The research team, led by Joseph Takahashi, Ph.D., of University of Texas Southwestern Medical Center and the Howard Hughes Medical Institute, compared the sensitivities to cocaine and methamphetamine in C57BL/6J mice from The Jackson Laboratory and C57BL/6N mice from colonies raised at the National Institutes of Health, finding that 6N mice have lower response than the 6J ones.

Mapping the difference to a single quantitative trail locus (QTL) on chromosome 11, followed by whole-genome sequencing, led to the researchers' identification of a SNP in a gene known as Cyfip2, a highly conserved protein associated with fragile X-mental retardation protein (FMRP), part of a complex that is the most common cause of mental retardation in humans.
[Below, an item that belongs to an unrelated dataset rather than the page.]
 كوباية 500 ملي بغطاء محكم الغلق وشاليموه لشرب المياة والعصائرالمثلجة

The researchers' methods demonstrate that the variations among some 20 C57BL/6 substrains can be used as a rich gene-finding resource. But these variations also highlight the issue of genetic quality control in mouse populations.
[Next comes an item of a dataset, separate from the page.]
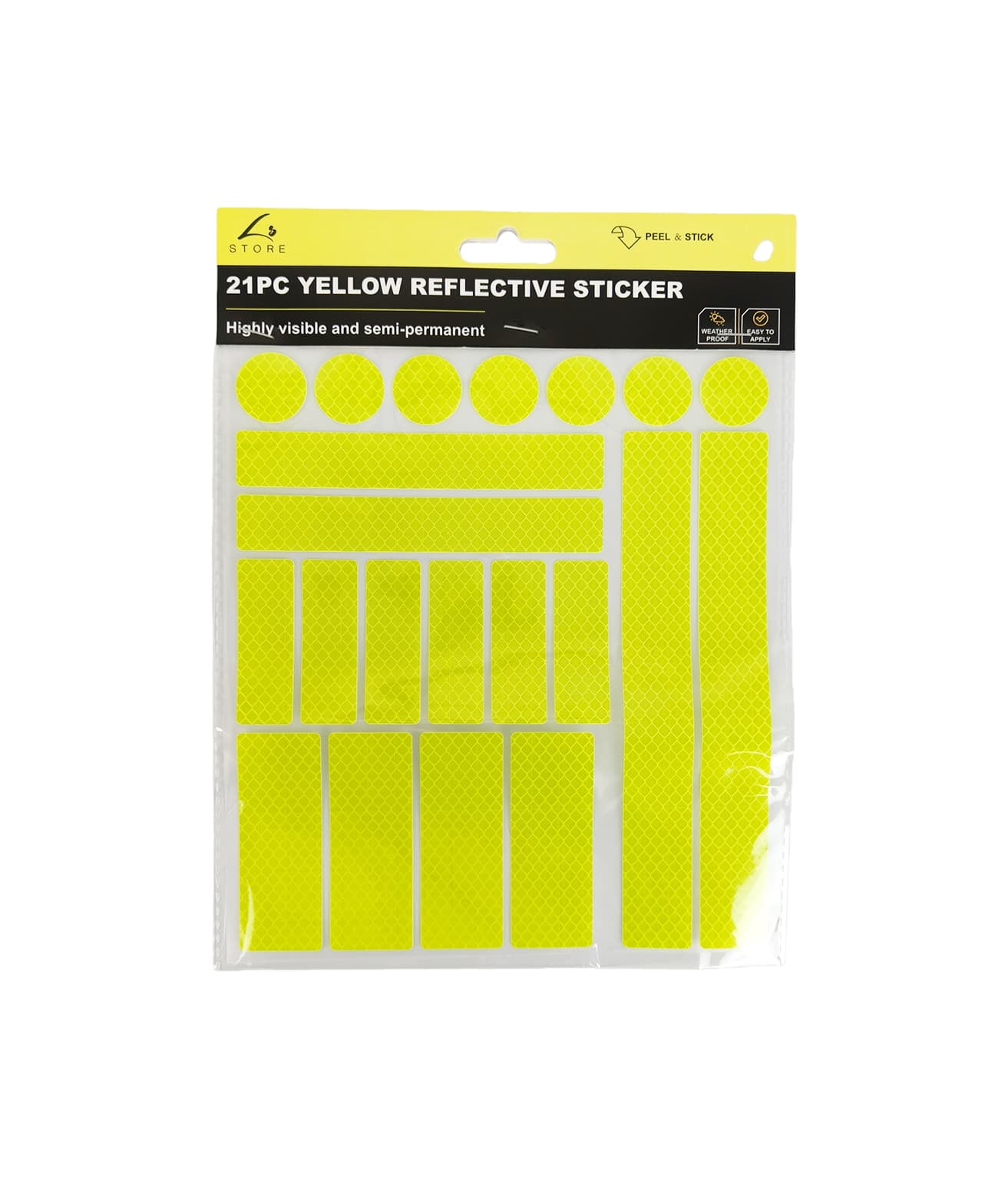 This 21-piece Yellow Reflective Sticker Set is a high-visibility safety accessory, featuring a mix of circular and rectangular shapes designed to boost visibility for a wide range of items and surfaces in low-light conditions.

Jackson Laboratory founder Clarence Cook Little first developed the C57BL/6 mouse in 1921, and it is now the world's most widely used laboratory mouse strain. In 2002 an international consortium published the first genome of a laboratory mouse: that of a 6J mouse from The Jackson Laboratory.

Because of genetic drift over nearly a century, populations of 6J mice originally obtained from The Jackson Laboratory have developed into at least 20 substrains. Notable among them is the C57BL/6N substrain based on 6J mice that the National Institutes of Health first obtained in 1951. In the intervening decades, the genomes of the substrains have diverged.
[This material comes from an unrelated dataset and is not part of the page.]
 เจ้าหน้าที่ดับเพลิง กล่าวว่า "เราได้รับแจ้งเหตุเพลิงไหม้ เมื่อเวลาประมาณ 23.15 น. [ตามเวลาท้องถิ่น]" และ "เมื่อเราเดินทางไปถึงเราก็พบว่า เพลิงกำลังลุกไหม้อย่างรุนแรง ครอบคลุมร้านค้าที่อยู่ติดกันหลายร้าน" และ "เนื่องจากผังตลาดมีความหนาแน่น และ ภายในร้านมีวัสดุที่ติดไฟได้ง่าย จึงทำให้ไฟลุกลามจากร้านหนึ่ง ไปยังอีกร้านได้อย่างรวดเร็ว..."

"This means that researchers should be very cautious when comparing behavioral data from studies using 6J and 6N strains," Churchill says. "They are clearly not interchangeable."

To address the issue of genetic drift, The Jackson Laboratory uses a genetic quality control program for its most widely used inbred strains, including C57BL/6J. Every five generations, the Laboratory "refreshes" its production colonies by raising mice from cryopreserved 6J embryos, preventing spontaneous mutations from altering the 6J line.